Research studies led by Dr. Shah, in collaboration with the United States Food and Drug Administration (FDA),  have developed explainable AI and machine learning systems that learn from diverse and inclusive datasets for ethical clinical use and testing of experimental medicines. Real World Data (RWD) and Real World Evidence (RWE) are playing an increasing role in healthcare decisions to support innovative use of Electronic Health Records and other digital sources to benefit from experimental and existing treatments often tested on smaller cohorts of patients  (Project and publication link). For example: phase 3 clinical trials evaluating new therapies and vaccines are among the most complex experiments performed in medicine on small numbers of eligible patients. Around 50% of phase 3 trials fail and in some cases lead to adverse events. This high failure rate also counteracts patients consenting to treatments by experimental therapies as the last resort discussed in a review co-authored by Dr. Shah in a Cell press journal (Publication link) . The  FDA states that another significant challenge is the difficulty of predicting clinical results in a wider patient base in the real world vs. phase 3 randomized trials. Example of research projects, collaborations and resulting peer-reviewed publications  led by Dr. Shah are listed.

  •  In a research study led by Dr. Shah novel and non-trivial reward functions for self-learning Reinforcement Learning (RL) algorithms for dose de-escalation studies during clinical trials to alleviate chemotherapy toxicity have been developed . These algorithms learn reward contribution from physician actions and patient states/health without future survival/outcomes information to solve fundamental problems in clinical development of medicines (Project and publication link).
  •  Dr.
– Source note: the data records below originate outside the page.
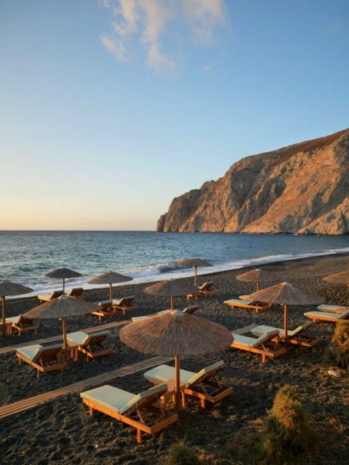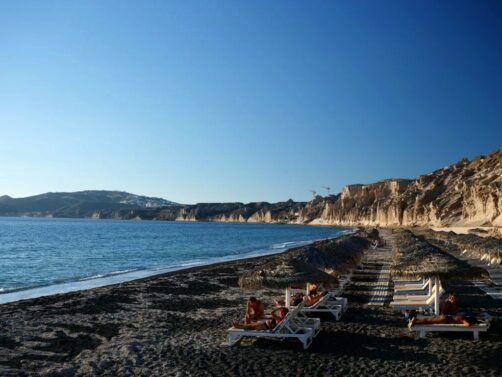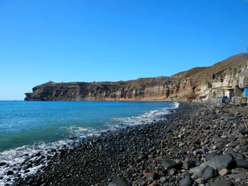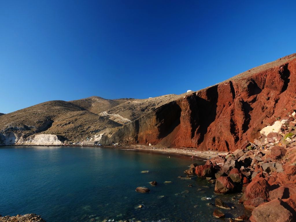 Près du site archéologique d’Akrotiri, la Red Beach est, comme son nom l’indique, une plage de sable « rouge ». Son accès se fait en crapahutant un peu depuis la fin du village.
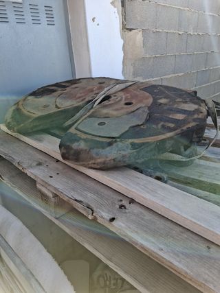 Quinta rueda de camión, pieza robusta y duradera. - Fabricada en metal resistente. - Diseño circular con puntos de anclaje. - Superficie con marcas de uso. En buen estado. Ideal para acoplar a carretilla elevadora y poder mover remolques
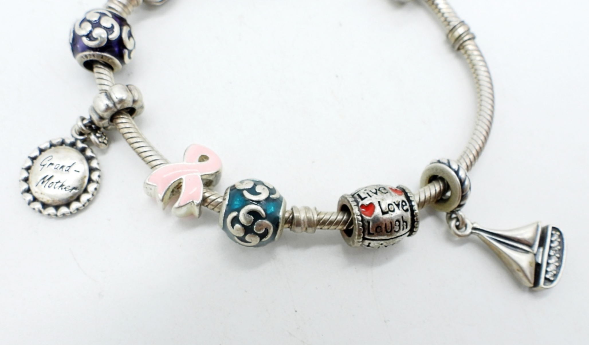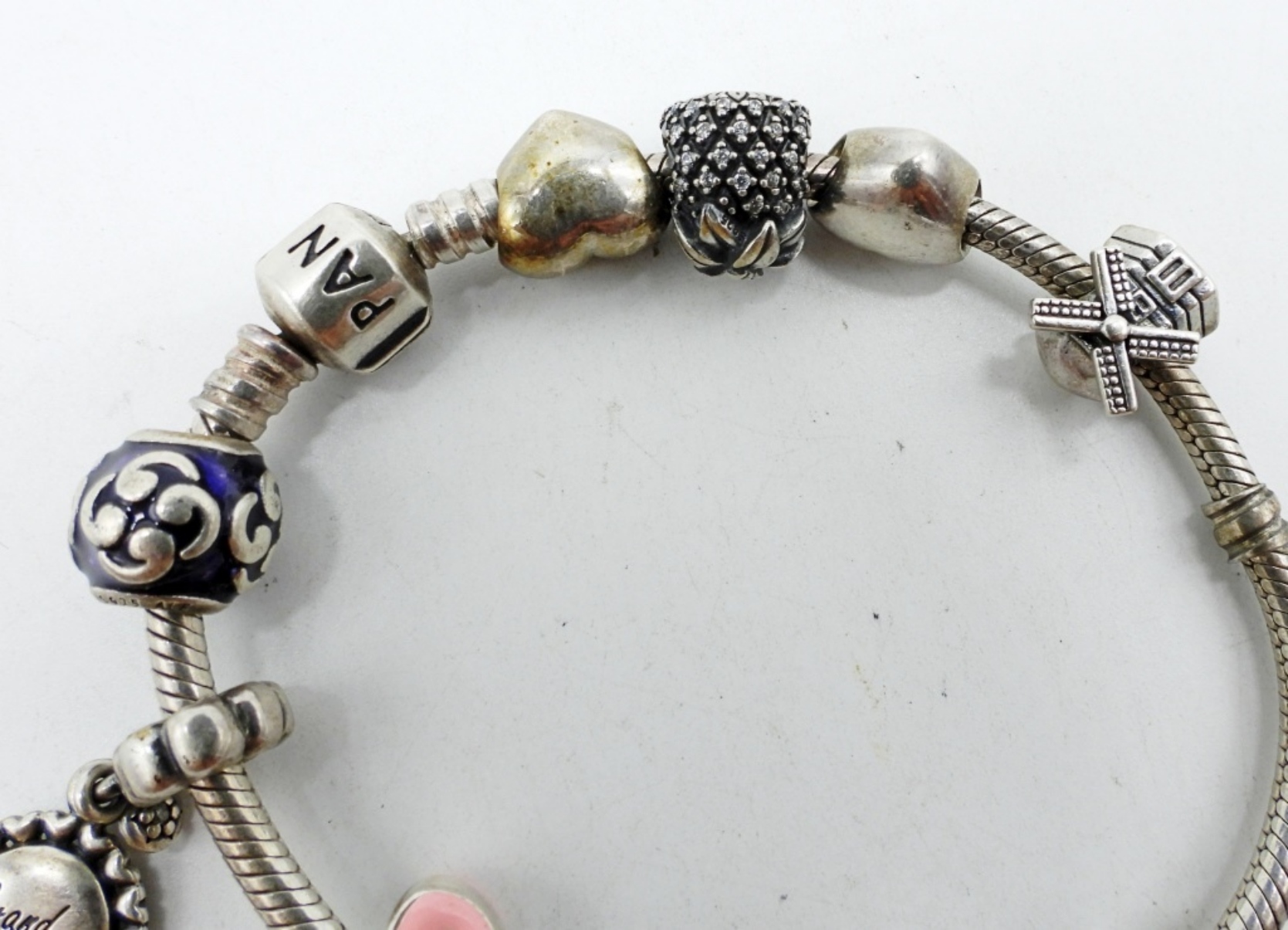 STERLING PANDORA CHARM BRACELET WITH 10 CHARMS. 7-7.5″. (31.6 DWT)
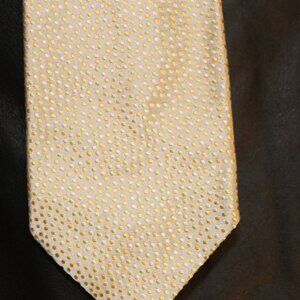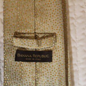 Elegant Banana Republic silk tie made in Italy. Substantial silk Gold background with light yellow orange mini dots. Black monogrammed lining.Excellent condition.
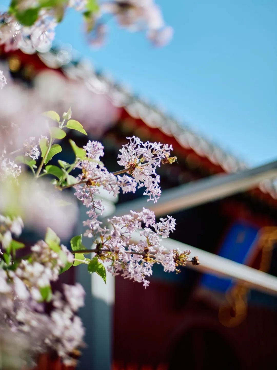 4月正是这里的盛花期,紫玉兰、白玉兰清丽脱俗,禅香与花香交织。梨花映红墙,丁香漫回廊。金黄花枝翘立,点缀古建角落,增添生机。

Shah is the lead Principal Investigator on the Memorandum of Understanding (MOU) 'Health 0.0' between MIT and the United States FDA signed to engender AI and ML research for computational medicine and clinical development. Research activities under this MOU focus on three key themes for development of next-generation medicines by adoption of digital evidence generated by AI and ML: (1) validation and modernizing the clinical trials process, (2) strategies for rational use of AI- and ML-driven learning from real-world data and evidence and, (3) regulatory framework to improve health outcomes for patients and oversight for integration, explanation, and de-risking of AI/ML digital analytics in medical care for patients. Key summary of this MOU was published as a perspective in Nature Digital Medicine (Publication link).
  • In collaboration with regulatory agencies and clinical partners,  a regulatory path for AI and ML software as a medical device and digital medicines developed  by Dr. Shah and his  laboratory has been initiated (Project and publication link,  Presentation link). This research classifies, predicts and enriches novel digital endpoints to benefit patient health, eliminate adverse events, and improve outcomes. This work has significant impact on the ethical decisions facing patients and their families, and regulatory decisions for US FDA and European Medical Agency (Project and publication link).
  •  Dr. Shah, with collaborators from Harvard Medical School and biostatisticians, are investigating the use of observational RWD and RWE to supplement randomized data to train neural networks cognizant of causal inference.